= RECORDS TO USE =
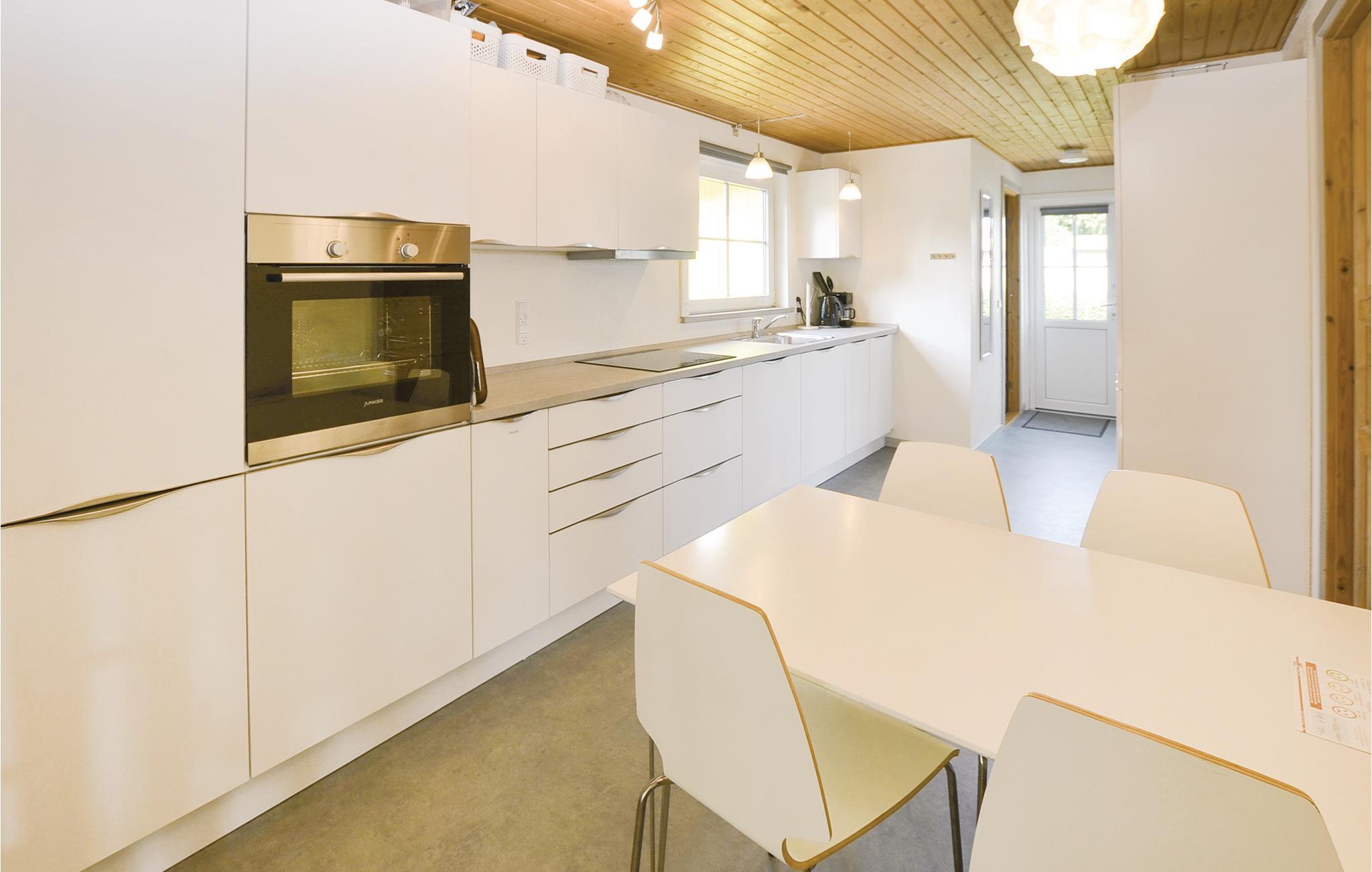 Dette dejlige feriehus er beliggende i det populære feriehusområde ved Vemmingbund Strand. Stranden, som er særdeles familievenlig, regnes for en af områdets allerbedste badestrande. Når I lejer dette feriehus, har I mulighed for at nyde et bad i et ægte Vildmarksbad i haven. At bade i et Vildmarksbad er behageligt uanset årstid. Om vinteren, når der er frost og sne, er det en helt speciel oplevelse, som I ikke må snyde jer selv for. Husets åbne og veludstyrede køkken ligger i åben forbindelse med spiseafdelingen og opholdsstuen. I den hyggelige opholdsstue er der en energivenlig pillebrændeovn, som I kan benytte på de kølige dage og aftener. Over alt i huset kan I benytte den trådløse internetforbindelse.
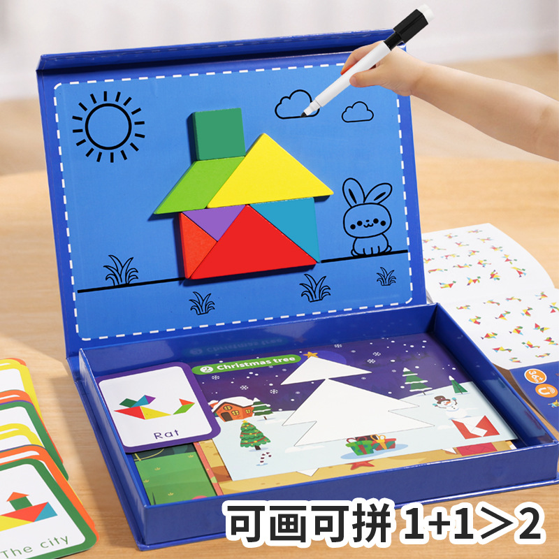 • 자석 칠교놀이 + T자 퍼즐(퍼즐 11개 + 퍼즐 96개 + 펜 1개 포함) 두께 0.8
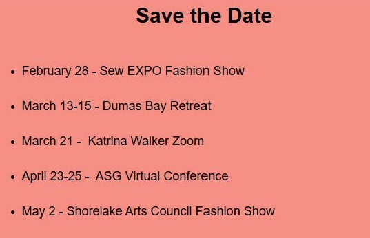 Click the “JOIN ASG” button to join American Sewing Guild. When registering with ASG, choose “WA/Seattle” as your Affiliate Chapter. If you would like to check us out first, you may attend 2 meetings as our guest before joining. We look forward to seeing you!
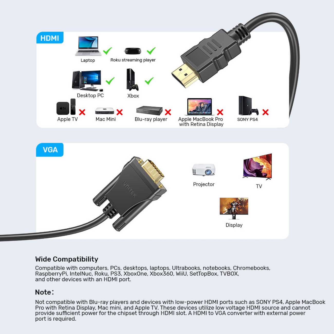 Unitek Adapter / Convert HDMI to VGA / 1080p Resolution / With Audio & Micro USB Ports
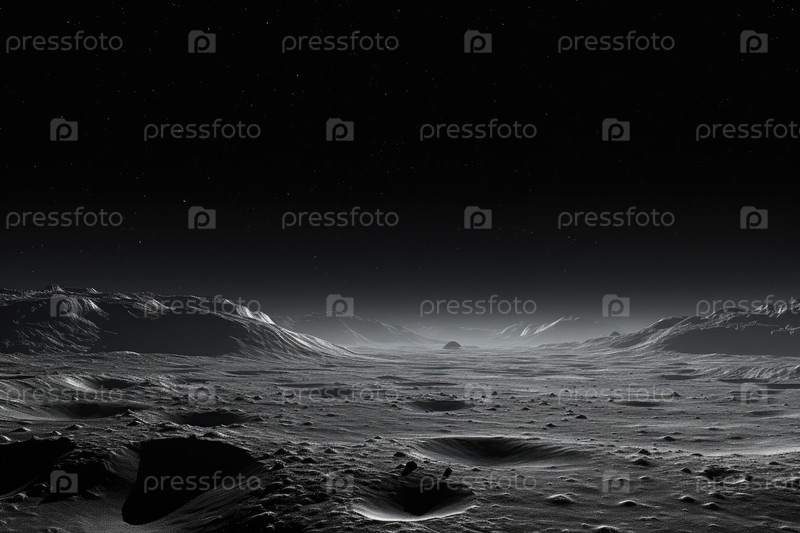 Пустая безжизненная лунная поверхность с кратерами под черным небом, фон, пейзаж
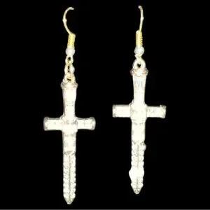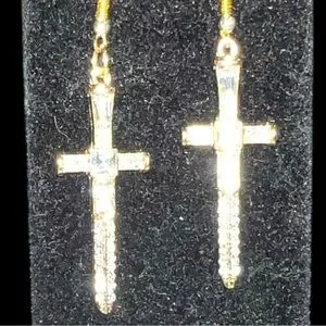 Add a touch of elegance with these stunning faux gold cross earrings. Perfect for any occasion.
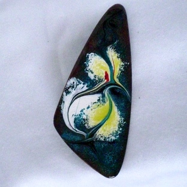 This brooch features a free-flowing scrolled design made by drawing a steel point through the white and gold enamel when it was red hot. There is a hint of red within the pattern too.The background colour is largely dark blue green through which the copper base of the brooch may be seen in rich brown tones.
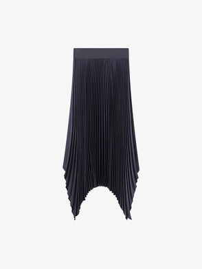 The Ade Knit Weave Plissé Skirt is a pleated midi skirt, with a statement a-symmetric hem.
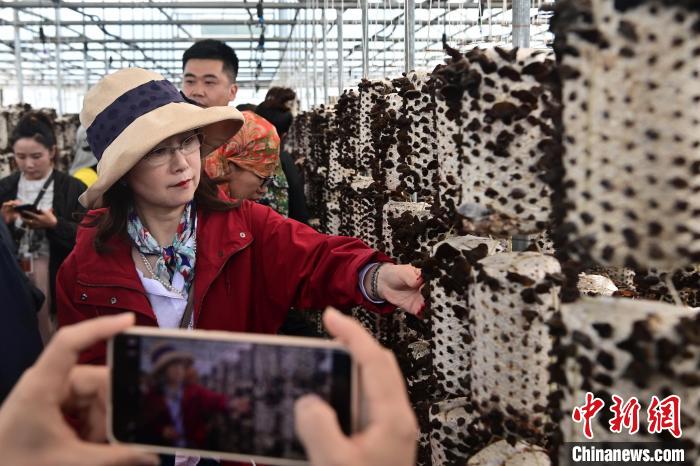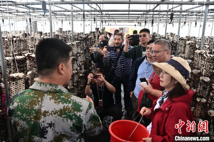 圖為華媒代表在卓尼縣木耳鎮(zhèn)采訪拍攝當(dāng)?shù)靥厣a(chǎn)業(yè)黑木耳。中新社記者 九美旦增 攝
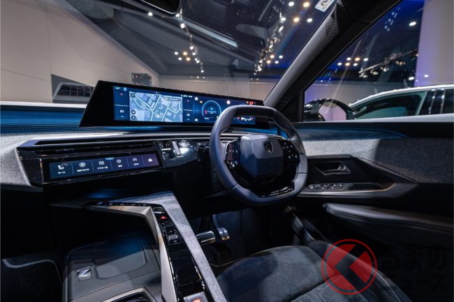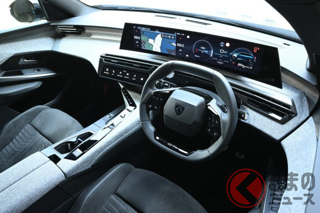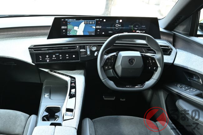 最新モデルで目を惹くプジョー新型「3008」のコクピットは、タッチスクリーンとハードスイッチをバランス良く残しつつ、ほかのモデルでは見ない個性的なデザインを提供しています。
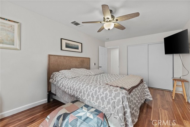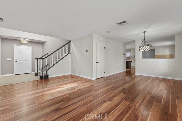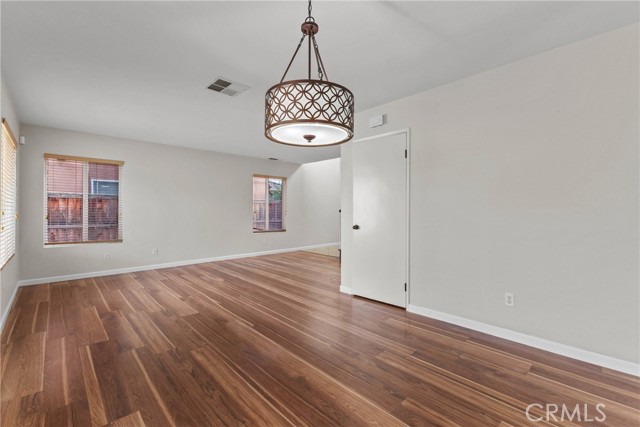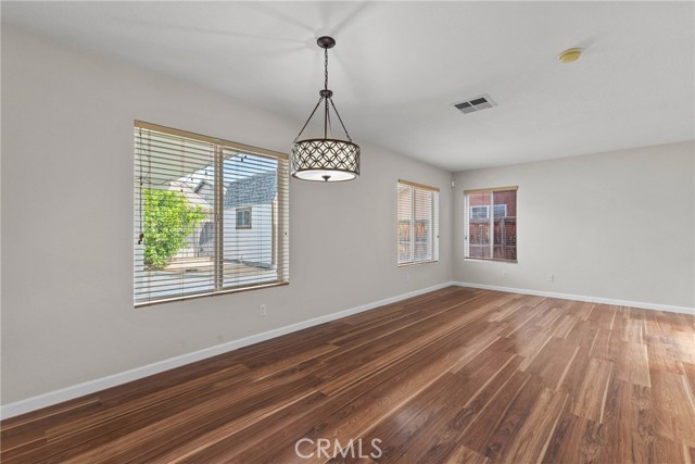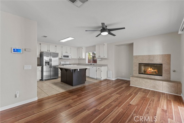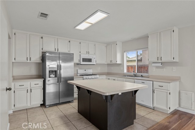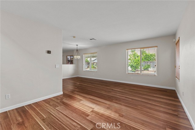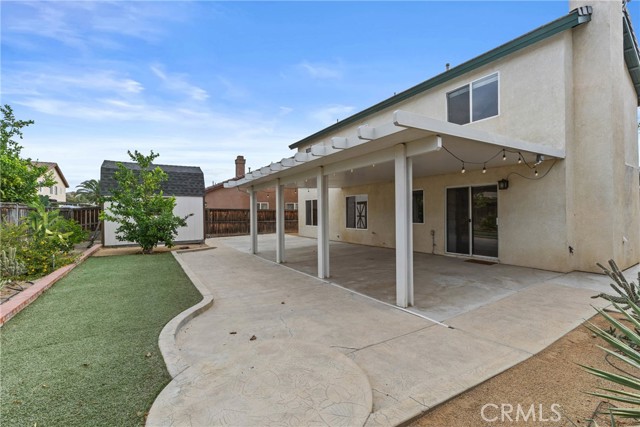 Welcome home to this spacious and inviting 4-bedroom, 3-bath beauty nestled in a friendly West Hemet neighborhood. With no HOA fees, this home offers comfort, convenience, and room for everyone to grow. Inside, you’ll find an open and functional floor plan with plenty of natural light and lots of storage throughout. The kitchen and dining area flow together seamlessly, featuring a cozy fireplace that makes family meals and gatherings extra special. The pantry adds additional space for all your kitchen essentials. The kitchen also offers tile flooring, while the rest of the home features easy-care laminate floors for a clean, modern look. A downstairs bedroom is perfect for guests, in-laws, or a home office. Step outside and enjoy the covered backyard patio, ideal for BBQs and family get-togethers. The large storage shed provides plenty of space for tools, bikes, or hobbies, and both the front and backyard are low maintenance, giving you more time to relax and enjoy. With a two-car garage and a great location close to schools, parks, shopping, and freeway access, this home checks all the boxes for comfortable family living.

= WHAT THIS TASK INVOLVES =
Please output, exactly as written, the lines above from the one holding "Unitek Adapter /" through the one holding "最新モデルで目を惹くプジョー", both included, with the pictures omitted.

= ANSWER BELOW =
 Unitek Adapter / Convert HDMI to VGA / 1080p Resolution / With Audio & Micro USB Ports
 Пустая безжизненная лунная поверхность с кратерами под черным небом, фон, пейзаж
 Add a touch of elegance with these stunning faux gold cross earrings. Perfect for any occasion.
 This brooch features a free-flowing scrolled design made by drawing a steel point through the white and gold enamel when it was red hot. There is a hint of red within the pattern too.The background colour is largely dark blue green through which the copper base of the brooch may be seen in rich brown tones.
 The Ade Knit Weave Plissé Skirt is a pleated midi skirt, with a statement a-symmetric hem.
 圖為華媒代表在卓尼縣木耳鎮(zhèn)采訪拍攝當(dāng)?shù)靥厣a(chǎn)業(yè)黑木耳。中新社記者 九美旦增 攝
 最新モデルで目を惹くプジョー新型「3008」のコクピットは、タッチスクリーンとハードスイッチをバランス良く残しつつ、ほかのモデルでは見ない個性的なデザインを提供しています。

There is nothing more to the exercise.